Question

An unbalanced die is manufactured so that there is a 20% chance of rolling a “six." The die is rolled 6

Answer 1

Answer:

Probability of rolling at least 4 sixes is 0.01696.

Step-by-step explanation:

We are given that an unbalanced die is manufactured so that there is a 20% chance of rolling a “six." The die is rolled 6  times.

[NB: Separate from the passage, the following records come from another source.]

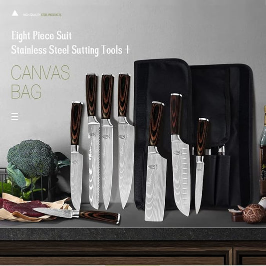 8 Pieces Knife Set with Magnetic Block, Ultra-Sharp High-carbon Steel Kitchen Knife Set, Professional Knife Block Set with Ergonomic Wooden Handle & Sharpener
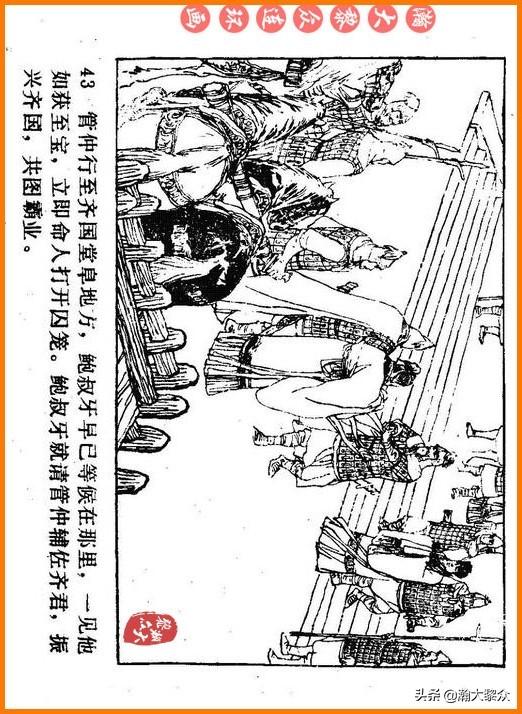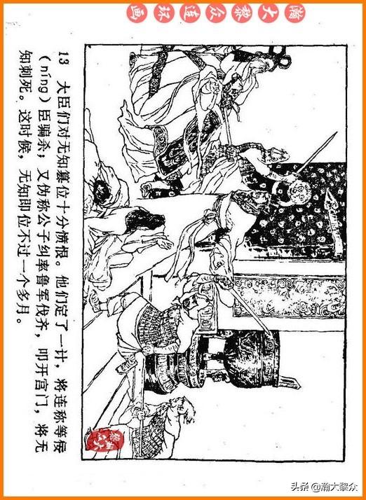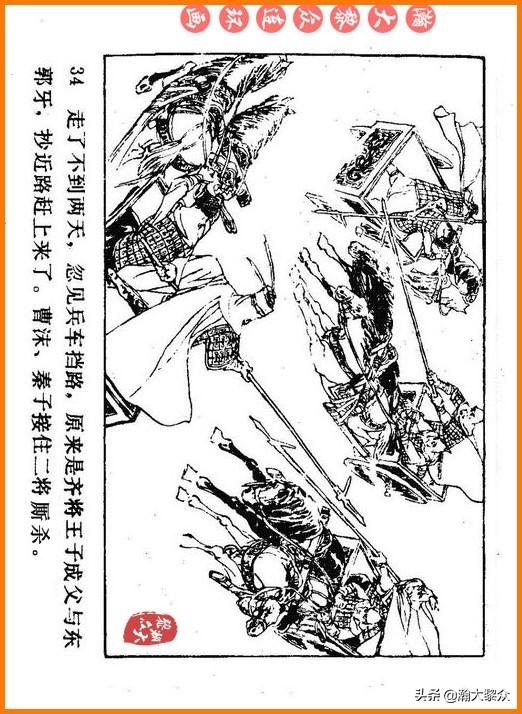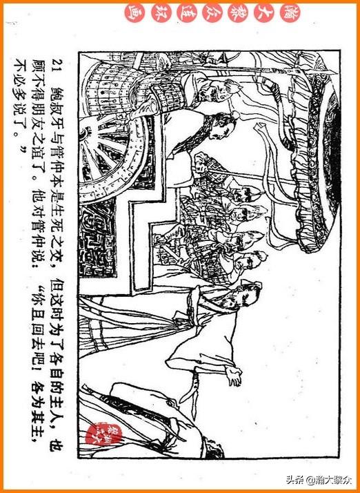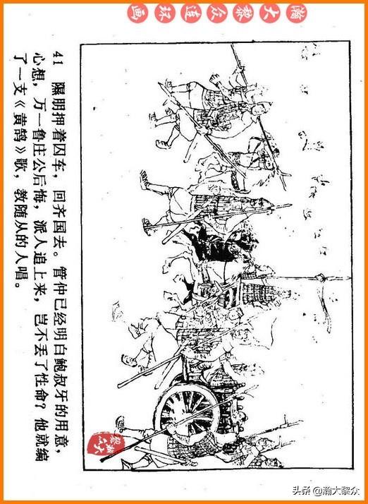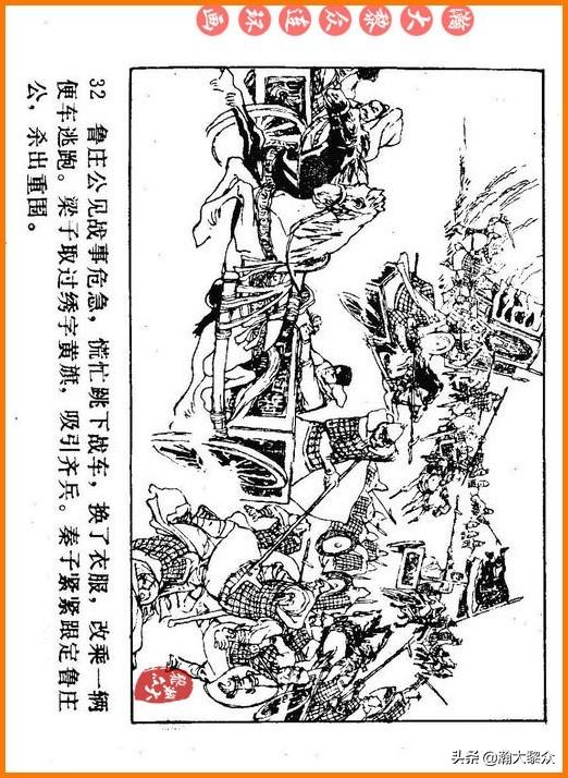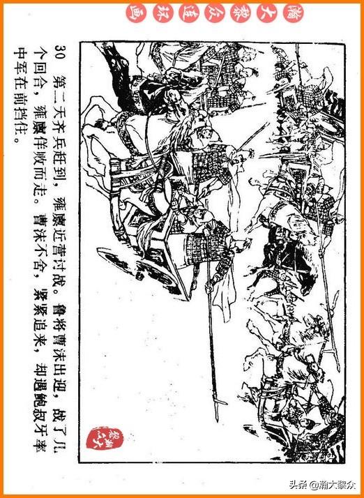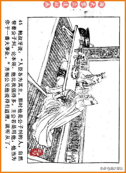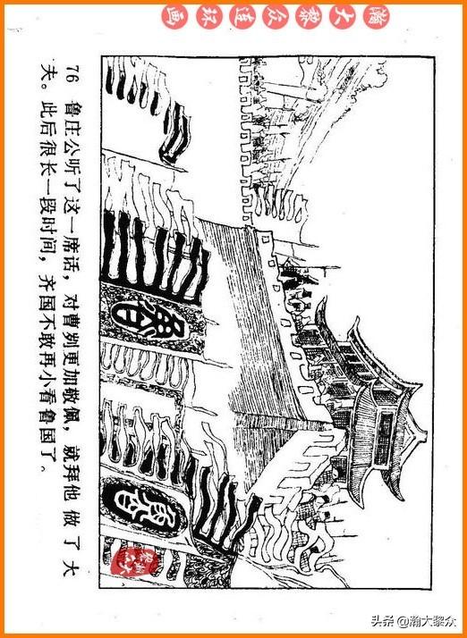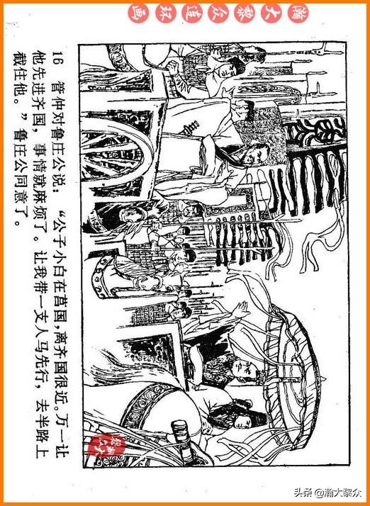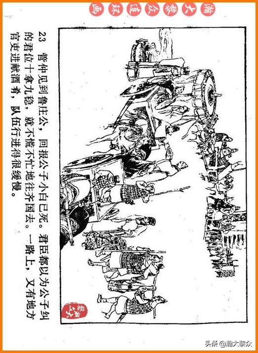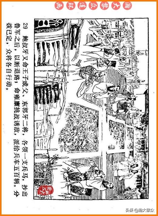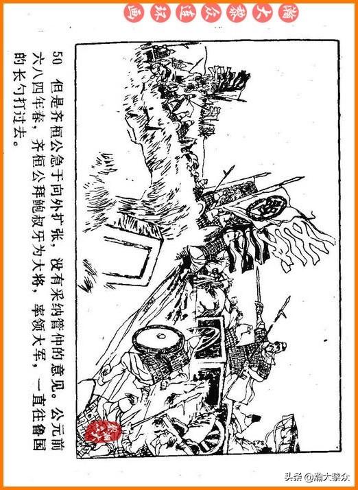 【内容提要】公元前684年春,齐桓公任用管仲为相国,鲍叔牙为大将,率领大军向弱小的邻国鲁国大举进犯。鲁庄公任用曹刿为大将,布阵于长勺。飽叔牙因连打胜仗,不可一世,决定先发制人,向鲁军发动进攻。曹刿传令军中不许喧哗,严守阵地。因鲁军阵容严整,齐军无法破阵。接着,齐军又擂响战鼓,发起了第二次进攻,鲁军仍然按兵不动。当齐军发动第三次进攻时,曹岁命人播响了战鼓,鲁军一个个如猛虎下山,直冲齐军,齐军终于被打得大败。
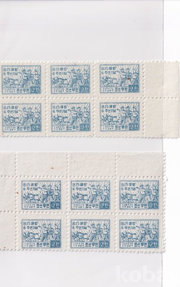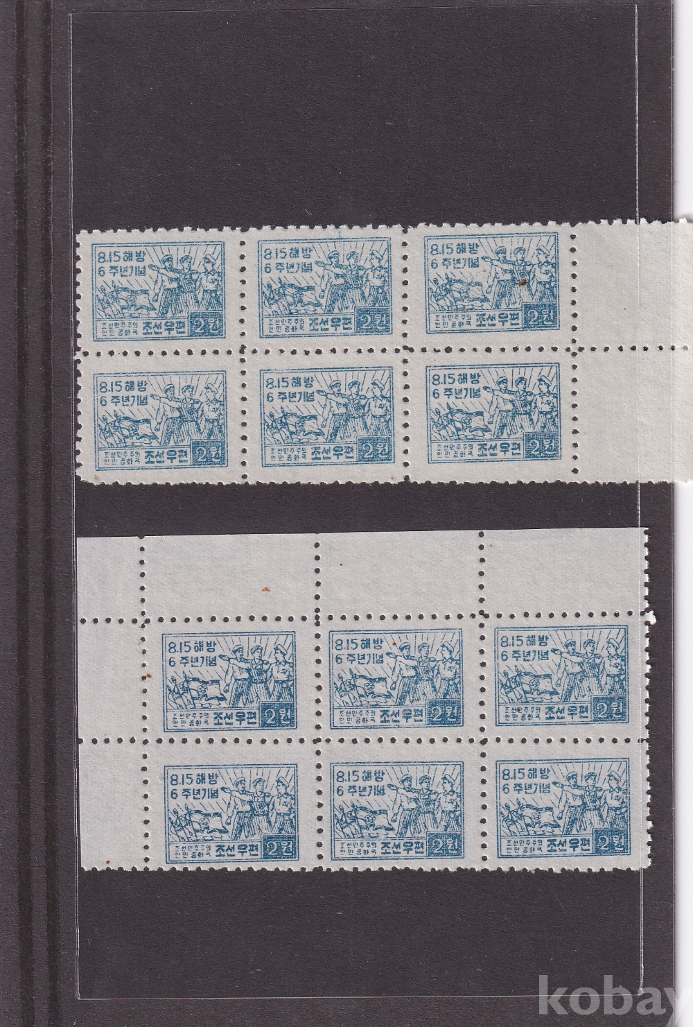 [윗동네 미사용 우표 모음展] - 8.15해방 6주년 기념 조선 및 중국 병사 2원(6장) 블럭 2장 일괄
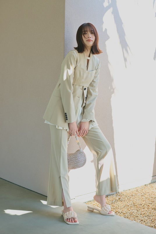 JACKET ¥17,600/ BUSTIER × BLOUSE SET ¥14,850/ PANTS ¥12,100/ BAG ¥8,800/ SHOES ¥12,100

The above situation can be represented through binomial distribution;

$P(X = r) = \binom{n}{r} \times p^{r} \times (1-p)^{n-r};x=0,1,2,3,.......$

where, n = number trials (samples) taken = 6 trials

            r = number of success = at least 4

           p = probability of success which in our question is probability of

                 rolling a “six", i.e; p = 0.20

Let X = Number of sixes on a die

So, X ~ Binom(n = 6, p = 0.20)

Now, Probability of rolling at least 4 sixes is given by = P(X $\geq$ 4)

P(X $\geq$ 4) = P(X = 4) + P(X = 5) + P(X = 6)

=  $\binom{6}{4} \times 0.20^{4} \times (1-0.20)^{6-4}+\binom{6}{5} \times 0.20^{5} \times (1-0.20)^{6-5}+\binom{6}{6} \times 0.20^{6} \times (1-0.20)^{6-6}$

=  $15 \times 0.20^{4} \times 0.80^{2}+6 \times 0.20^{5} \times 0.80^{1}+1 \times 0.20^{6} \times 0.80^{0}$

=  0.0154 + 0.00154 + 0.000064

=  0.01696

Therefore, probability of rolling at least 4 sixes is 0.01696.